**Try it:** Write out the records below from the first line through the line containing "Det ligner noget, der kunne", leaving out any pictures.

[Material supplied — start]

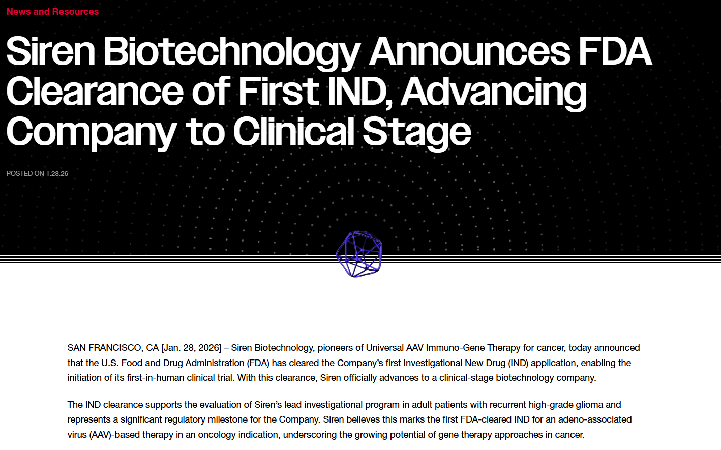 1月28日,通用型AAV免疫基因疗法研发公司Siren Biotechnology宣布FDA通过其用于治疗成人高级别胶质瘤(HGG)的AAV免疫基因疗法SRN-101的研究性新药(IND)申请。这标志着该疗法成为世界首款通过IND批准的用于治疗肿瘤的在研AAV基因疗法,凸显了AAV基因疗法在癌症治疗领域日益增长的潜力。
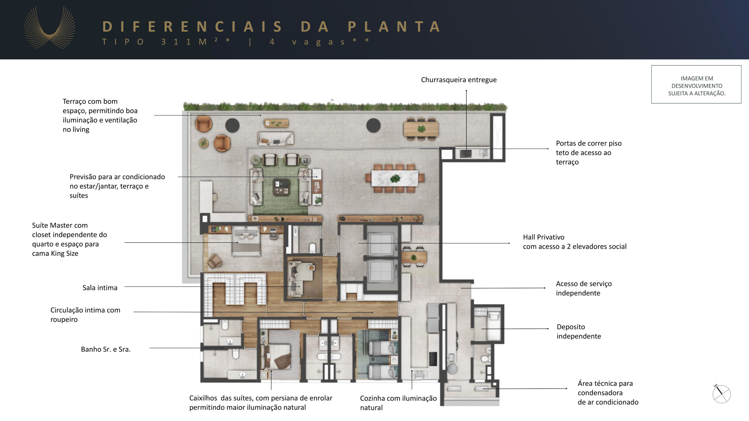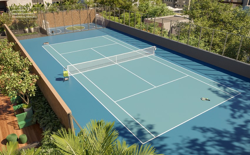 Quadra de tênis | Piscina coberta com raia de 25 metros | Spa | Sauna seca | Sala de massagem | Piscina adulto e infantil | Academia | Salão de festas com terraço | Quadra de jogos | Playground | Brinquedoteca | Espaço gourmet
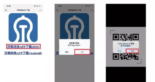 ❸点击下载后,在进入的界面中选“济南地铁App下载(IOS),并在接下来的弹框中选择“允许”,在接下来的弹框中选择“安装”
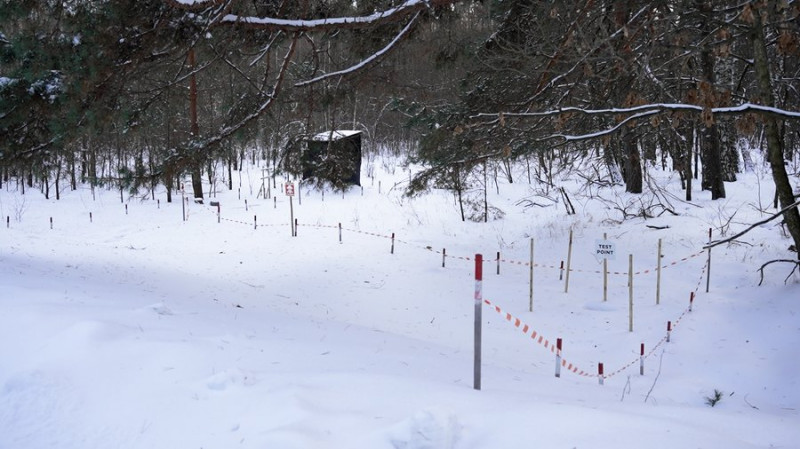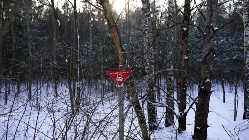 Промаркована для розмінування ділянка на Чернігівщині. Суспільне Чернігів"Досі діє заборона на відвідування лісів, пересування ґрунтовими дорогами тощо. Але люди все одно йдуть. Десь метрів за 300 звідси теж людина вирішила назбирати грибів, жіночка літня, вона жива. Була помаркована територія, не зважаючи на це, вона вирішила назбирати і, на жаль, була поранена. Також на розтяжці стояла граната РГД-5".
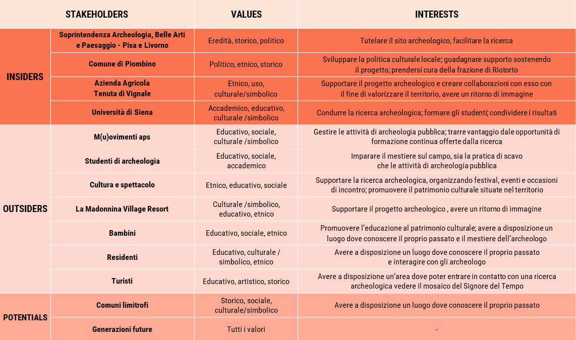 - Versione ridotta della value-based stakeholder analysis, validata dall’esperto e dalle interviste
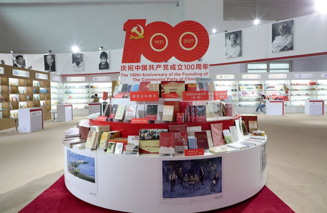 >> 2021年9月,第28屆北京國際圖書博覽會線上線下同步舉辦,中國出版集團有限公司設立“建黨百年主題圖書區”,集中展示近300種精品圖書。
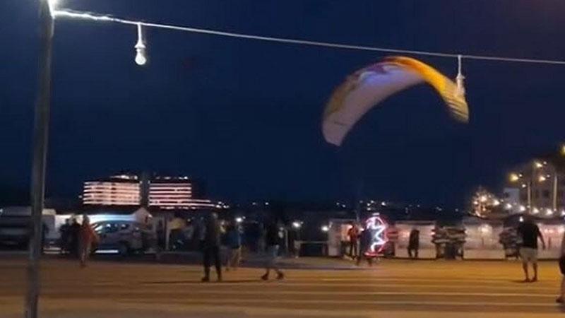İzmir'in Çeşme ilçesinde, paramotorla akrobatik manevralar ile havai fişek gösterisi yapan emekli Astsubay Metin Pehlivan (46), bir tekneye çarptı. O anlar cep telefonu kamerasıyla kaydedilirken, yaralanan Pehlivan hastaneye kaldırıldı.
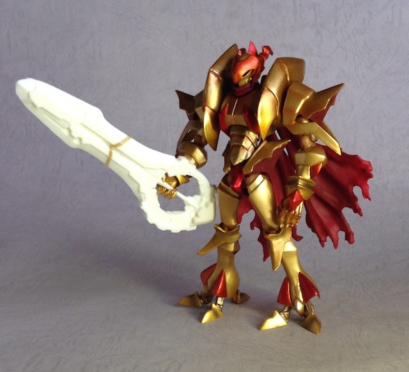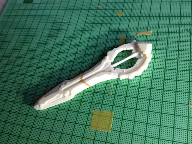 これ単独でぽんと出して一体全体どちらの誰か様が得をするのかよく分かりませんが、少なくとも私は楽しい。もともと、無版権の何かを作ってお気楽なWF参加をしよう、15cm位のロボ模型に対応できるSFな刀剣でもこしらえよう、イスケンデルベイみたいな、とか考えていたわけですが。ここまで考えて「……いや、みたいな、じゃなくてそのもの作れば良いんじゃ……」となって、本作制作に踏み切った次第。
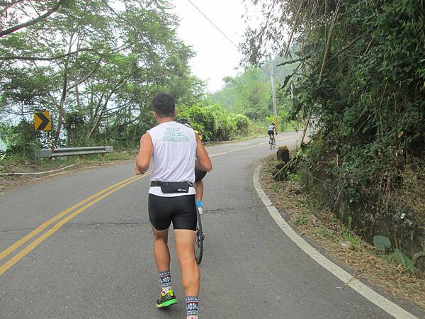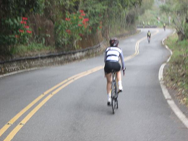 至於這個咩,原本在出發約半公里左右就追到她,還想虧一下說要不要當一下護花使者,但是在二公里前就被反追回。重點是,她!一!點!都!不!慢!好啦~是我騎的太慢了,就看她一直在視距範圍之內,但是一直無法拉近距離。在身旁的璋哥對看了一眼苦笑了下...。直到七公里半左右的一個小下坡處,才利用體重優勢超越了她。
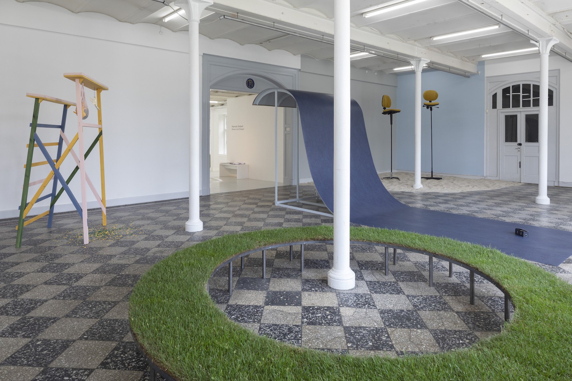 Det ligner noget, der kunne bruges til noget, og det ligner noget, der betyder noget, men det kan ikke bruges, og hvad det betyder er ikke indlysende. Hannah Anberts udstilling Slower and Cheaper består af en række fysiske metaforer om arbejde, ofte skabt af kontormaterialer, der omformes, så de mister deres oprindelige funktion og bliver nytteløse.
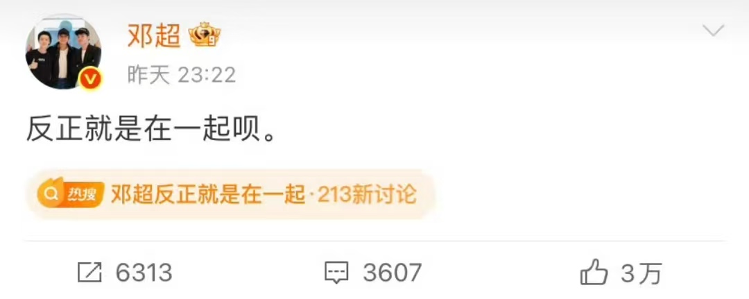 当晚,邓超在微博上的回应更是将热度推向高潮。他简单一句 “反正就是在一起呗”,看似随意,却透着满满的默契与亲密。这条微博一经发出,迅速引发网友热议,“# 邓超回应和鹿晗吃饭 #” 的话题强势登上微博热搜第一,成为全网焦点。不少网友调侃:“超哥这回应,主打一个随性,兄弟相聚就是这么简单直接!”
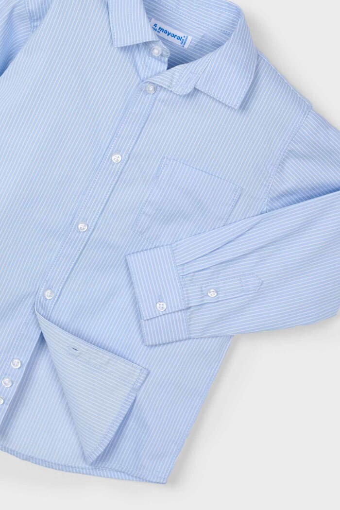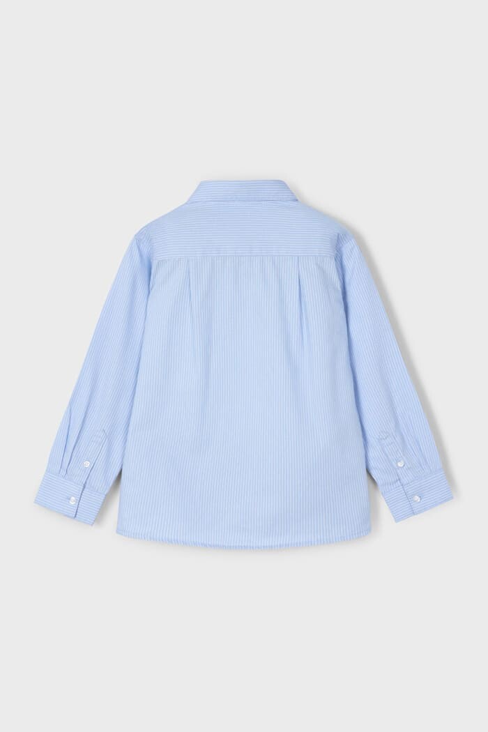 Erkek Çocuk Cepli Çizgili Uzun Kollu Gömlek - Mavi
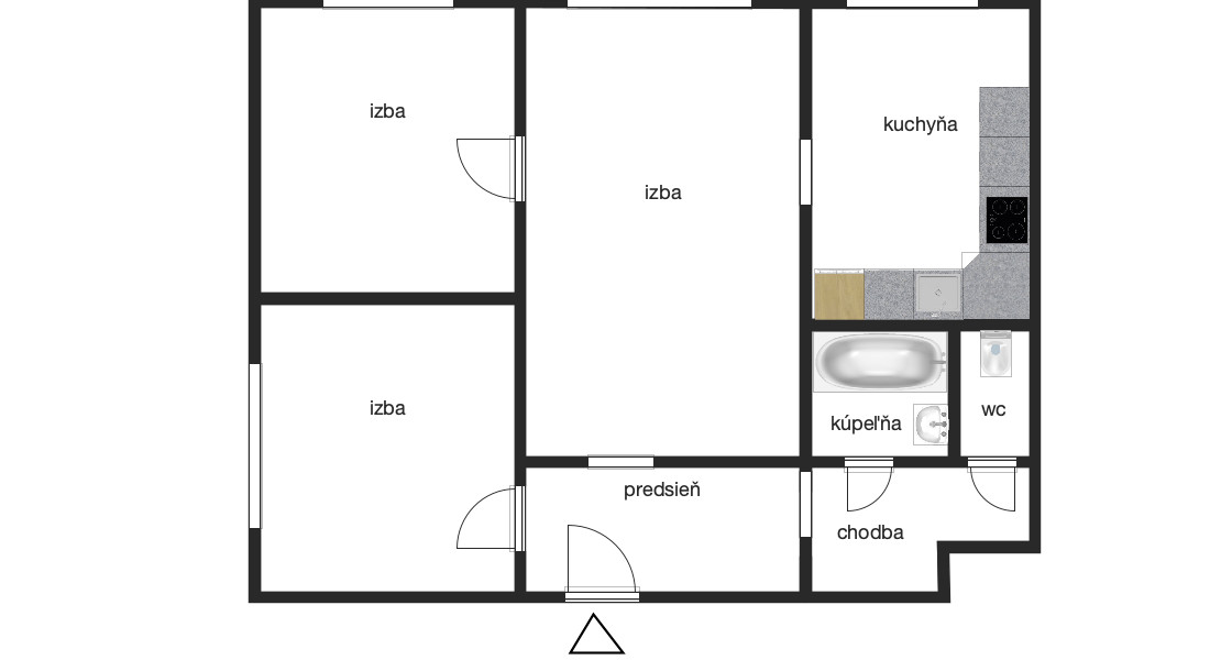 Pozostáva z 3 priestranných izieb, samostatnej kuchyne a samostatnej toalety a kúpeľne. Pred bytom na chodbe samostatný murovaný sklad ktorý patrí iba tomuto bytu. Na prízemí spoločná kočikáreň.
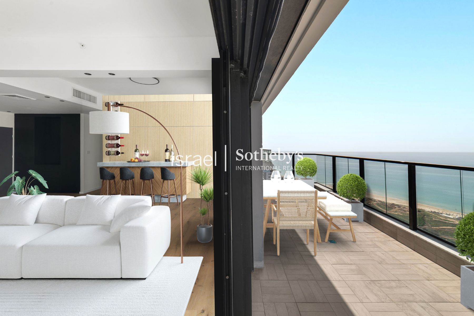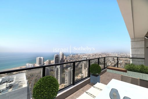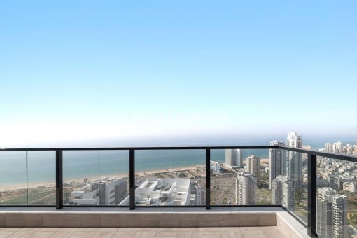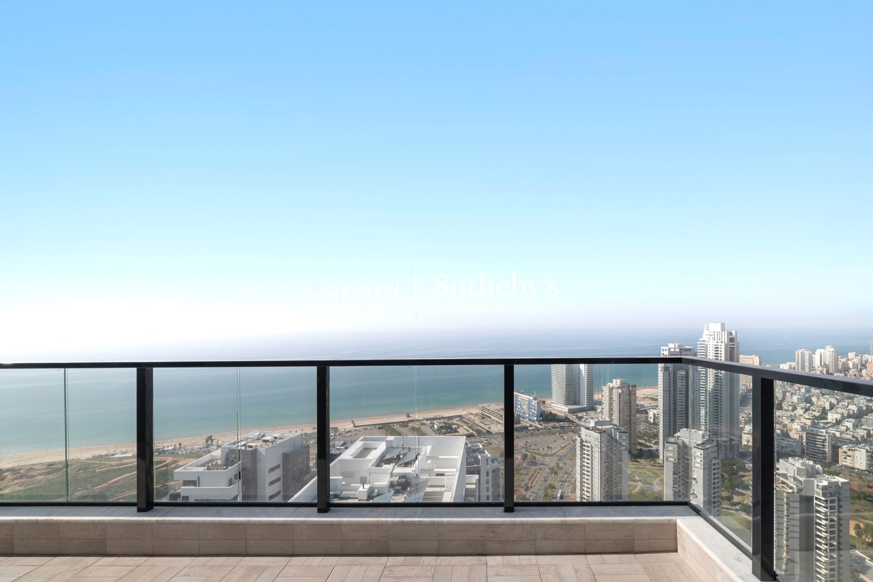 This exquisite mini-penthouse in the prestigious Park Hayam neighborhood of Bat Yam is a remarkable property offering unparalleled luxury and breathtaking views of the Mediterranean Sea. Located on the 44th floor of a 45-story tower, it spans 125 square meters, with an additional 21 square meter sea-view terrace. Designed by renowned Israeli architect Israel Kfir, the property boasts a modern and thoughtful layout, featuring a spacious living room, an open-plan fully equipped kitchen, a primary bedroom, two additional bedrooms, a separate service room with a new washing machine and dryer, and three bathrooms.
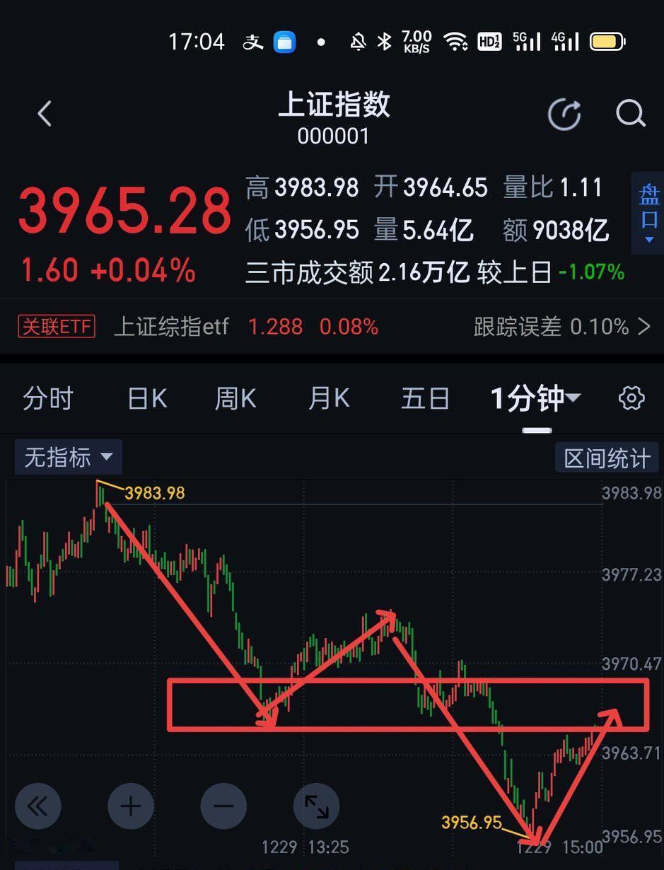 上证指数,明天可观察3966的得失,站稳可暂当成5分钟中枢的构建〈图1〉。失守,则可构建一分钟的下降中枢,三十分钟一笔下将继续生长,只能等待一分钟结构最终完成,再选择是否操作〈图2〉。
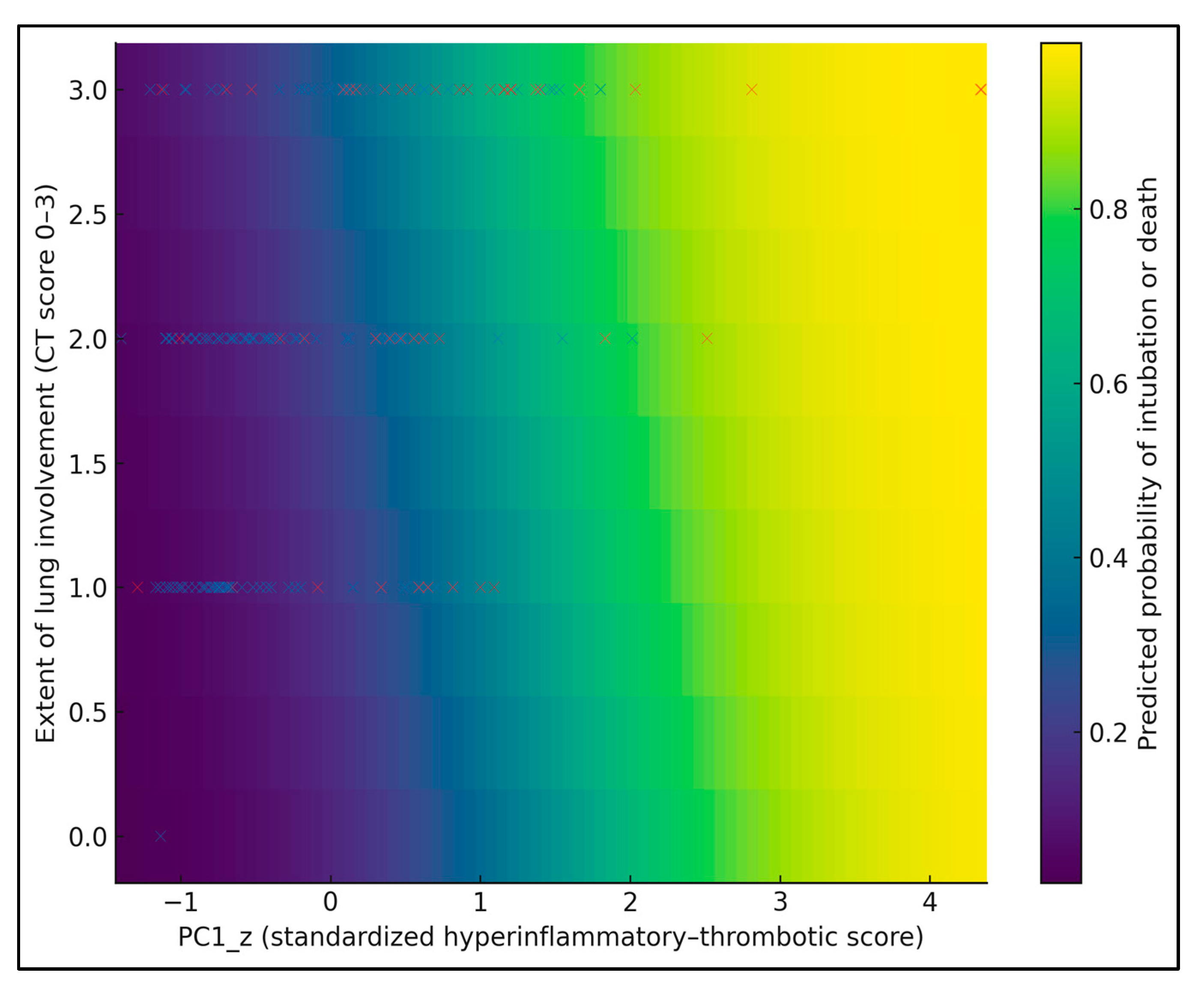 Figure 3 provides a 2D heatmap of the predicted probability of intubation or death as a joint function of PC1_z (x-axis) and CT lung involvement score (0–3 on the y-axis), with age fixed at the cohort median (67 years). Warmer colors indicate higher predicted risk, and overlaid dots show observed patients (blue = no event, red = event). The risk surface is clearly non-linear: at low PC1_z (≈−1), predicted risk remains below 15% even at lung involvement 3, whereas at high PC1_z (≈+1.5), risk exceeds 60–70% once lung involvement reaches ≥ 2. For example, a patient with PC1_z ≈ 0 and lung score 1 has an estimated risk around 20–25%, while one with PC1_z ≈ +1.5 and lung score 3 approaches 70–75%.
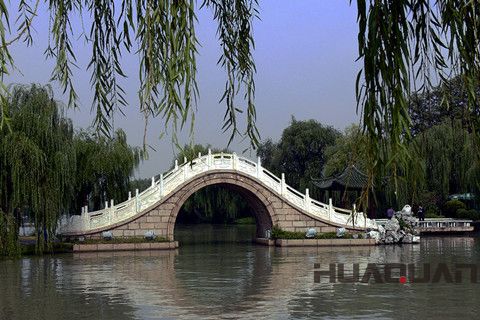 瘦西湖其實是揚州城外一條較寬的河道, 初在清朝康熙年間名為保揚河,嘉靖時稱為保障河(湖),也被稱為炮山河、長春河。面積480多畝,長4.3公里。原是唐羅城、宋大城的護城河遺跡,南起北城河,北抵蜀岡腳下,明清時期,許多富甲天下的鹽業(yè)巨子紛紛在沿河兩岸,不惜重金聘請造園名家擘畫經(jīng)營 ,構(gòu)筑水上園林。乾隆極盛時期沿湖有二十四景:卷石洞天、西園曲水、虹橋覽勝、冶春詩社、長堤春柳、荷浦薰風(fēng)、碧玉交流、四橋煙雨、春臺明月、白塔晴云、三過流淙、蜀崗?fù)碚铡⑷f松疊翠、花嶼雙泉、雙峰云棧、山亭野眺、臨水紅霞、綠稻香來、竹市小樓、平崗艷雪、綠楊城廓、香海慈云、梅嶺春生、水云勝概,譽為“兩堤花柳全依水,一路樓臺直到山”。康熙和乾隆兩位皇帝均六次南巡來此,對這里的景色贊賞有加。
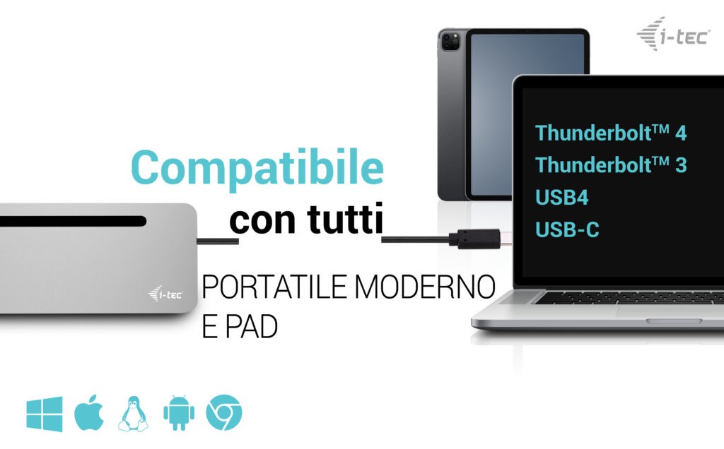 i-tec USB-C Metal Ergonomic 3x 4K Display Docking Station with Power Delivery 100 W + Universal Charger 100 W. Tecnologia di connessione: Cablato, Interfaccia host: USB 3.2 Gen 1 (3.1 Gen 1) Type-C, Fornitura di alimentazione USB fino a: 100 W. Velocità trasferimento Ethernet LAN: 10,100,1000 Mbit/s. Colore del prodotto: Argento, Tipi schede di memoria: MicroSD (TransFlash), SD, Velocità di trasferimento dati: 5 Gbit/s. Tipologia alimentazione: AC, Tensione di ingresso AC: 100-240 V, Frequenza di ingresso AC: 50-60 Hz. Altri sistemi operativi supportati: Android, ChromeOS
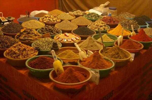Для русской кухни характерно употребление широкого выбора пряностей. Традиционно выращивались и использовались лук, чеснок, укроп, петрушка, хрен. В X веке уже начали завозить чёрный перец, лавровый лист, гвоздику. В конце XV века появились имбирь, шафран, корица. С XVII века в обиход входит соль. Отрицательно на количество употребляемых в русской кухне пряностей сказалось влияние немецкой кухни. Кроме того многие привозные пряности оставались недоступными для населения, и их не использовали во время готовки, а ставили непосредственно на стол во время еды, когда каждый желающий мог использовать пряности по собственному вкусу. Это обстоятельство породило ошибочное мнение, что в русской кухне пряности использовались ограниченно.

[Material supplied — finish]

**Task solution:**
 1月28日,通用型AAV免疫基因疗法研发公司Siren Biotechnology宣布FDA通过其用于治疗成人高级别胶质瘤(HGG)的AAV免疫基因疗法SRN-101的研究性新药(IND)申请。这标志着该疗法成为世界首款通过IND批准的用于治疗肿瘤的在研AAV基因疗法,凸显了AAV基因疗法在癌症治疗领域日益增长的潜力。
 Quadra de tênis | Piscina coberta com raia de 25 metros | Spa | Sauna seca | Sala de massagem | Piscina adulto e infantil | Academia | Salão de festas com terraço | Quadra de jogos | Playground | Brinquedoteca | Espaço gourmet
 ❸点击下载后,在进入的界面中选“济南地铁App下载(IOS),并在接下来的弹框中选择“允许”,在接下来的弹框中选择“安装”
 Промаркована для розмінування ділянка на Чернігівщині. Суспільне Чернігів"Досі діє заборона на відвідування лісів, пересування ґрунтовими дорогами тощо. Але люди все одно йдуть. Десь метрів за 300 звідси теж людина вирішила назбирати грибів, жіночка літня, вона жива. Була помаркована територія, не зважаючи на це, вона вирішила назбирати і, на жаль, була поранена. Також на розтяжці стояла граната РГД-5".
 - Versione ridotta della value-based stakeholder analysis, validata dall’esperto e dalle interviste
 >> 2021年9月,第28屆北京國際圖書博覽會線上線下同步舉辦,中國出版集團有限公司設立“建黨百年主題圖書區”,集中展示近300種精品圖書。
İzmir'in Çeşme ilçesinde, paramotorla akrobatik manevralar ile havai fişek gösterisi yapan emekli Astsubay Metin Pehlivan (46), bir tekneye çarptı. O anlar cep telefonu kamerasıyla kaydedilirken, yaralanan Pehlivan hastaneye kaldırıldı.
 これ単独でぽんと出して一体全体どちらの誰か様が得をするのかよく分かりませんが、少なくとも私は楽しい。もともと、無版権の何かを作ってお気楽なWF参加をしよう、15cm位のロボ模型に対応できるSFな刀剣でもこしらえよう、イスケンデルベイみたいな、とか考えていたわけですが。ここまで考えて「……いや、みたいな、じゃなくてそのもの作れば良いんじゃ……」となって、本作制作に踏み切った次第。
 至於這個咩,原本在出發約半公里左右就追到她,還想虧一下說要不要當一下護花使者,但是在二公里前就被反追回。重點是,她!一!點!都!不!慢!好啦~是我騎的太慢了,就看她一直在視距範圍之內,但是一直無法拉近距離。在身旁的璋哥對看了一眼苦笑了下...。直到七公里半左右的一個小下坡處,才利用體重優勢超越了她。
 Det ligner noget, der kunne bruges til noget, og det ligner noget, der betyder noget, men det kan ikke bruges, og hvad det betyder er ikke indlysende. Hannah Anberts udstilling Slower and Cheaper består af en række fysiske metaforer om arbejde, ofte skabt af kontormaterialer, der omformes, så de mister deres oprindelige funktion og bliver nytteløse.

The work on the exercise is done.